BCAAs have been tested in clinical trials and animal models for their effect on different parameters associated with metabolic syndrome. In a double blind, randomized controlled trial, leucine supplementation (3 g/day) given for 8 weeks during energy restriction results in improved fat free mass and lean tissue mass compared to the placebo in adults with metabolic syndrome [174]. In mice, leucine supplementation (6%, which corresponds to the amount of leucine in a high protein diet) given for 20 weeks shows beneficial effects on liver triglyceride content and insulin sensitivity [175]. The other BCAA isoleucine (2.5%), when given as a supplement for 4 weeks to dietary-induced obese mice, partly prevents the accumulation of triglycerides in the liver and lowers the epididymal white adipose tissue mass [176].
Other results have been obtained from a few trials aiming to evaluate the interest of supplementation with other amino acids, namely glycine and histidine, in situations of metabolic syndrome.
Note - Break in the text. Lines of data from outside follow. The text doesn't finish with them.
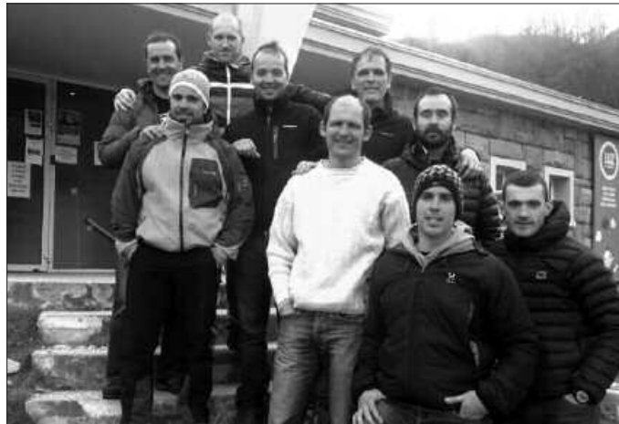
Argazkian usurbildarrak, eta eurekin partehartu zuten lagunak.

Hasiera batean Pic du Midi Bigorrera igotzeko asmoa zuten baina haizea eta elurraren baldintzak ez zirenez egokienak ibilbidea aldatu egin zuten. Parte hartu zuten usurbildar
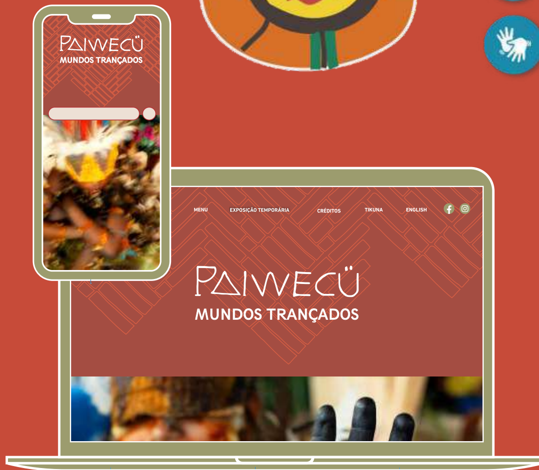
Exemplos de telas
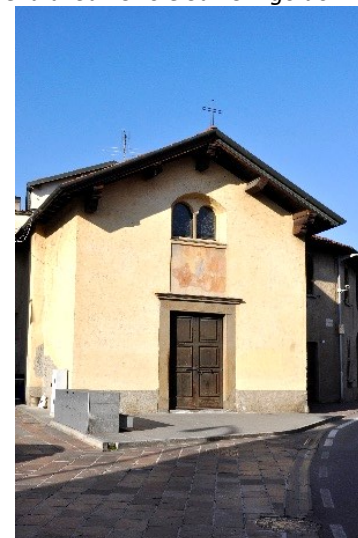
Chiesetta di San Rocco

The effects of glycine supplementation (15 g/day) vs. the placebo given for 3 months have been tested in volunteers with characteristics of metabolic syndrome and this amino acid decreases the systolic blood pressure [177]. Glycine supplementation (1%) improves insulin sensitivity in a rodent model of sucrose-induced insulin resistance [178], and, interestingly, this improvement is paralleled by an increased concentration of glutathione in liver.
In a randomized controlled trial with obese individuals with characteristics of metabolic syndrome, histidine supplementation (4 g/day) when given for 12 weeks improves insulin resistance [179].
Lastly, when phenylalanine is given to rats in drinking water (2 g/L) for 28 weeks, it results in an increased hepatic lipid deposition [180]. Such phenylalanine supplementation represents 55 mg phenylalanine per day. This amount can be compared to the usual consumption of phenylalanine from rats’ regular diet, which is 136 mg phenylalanine per day [47].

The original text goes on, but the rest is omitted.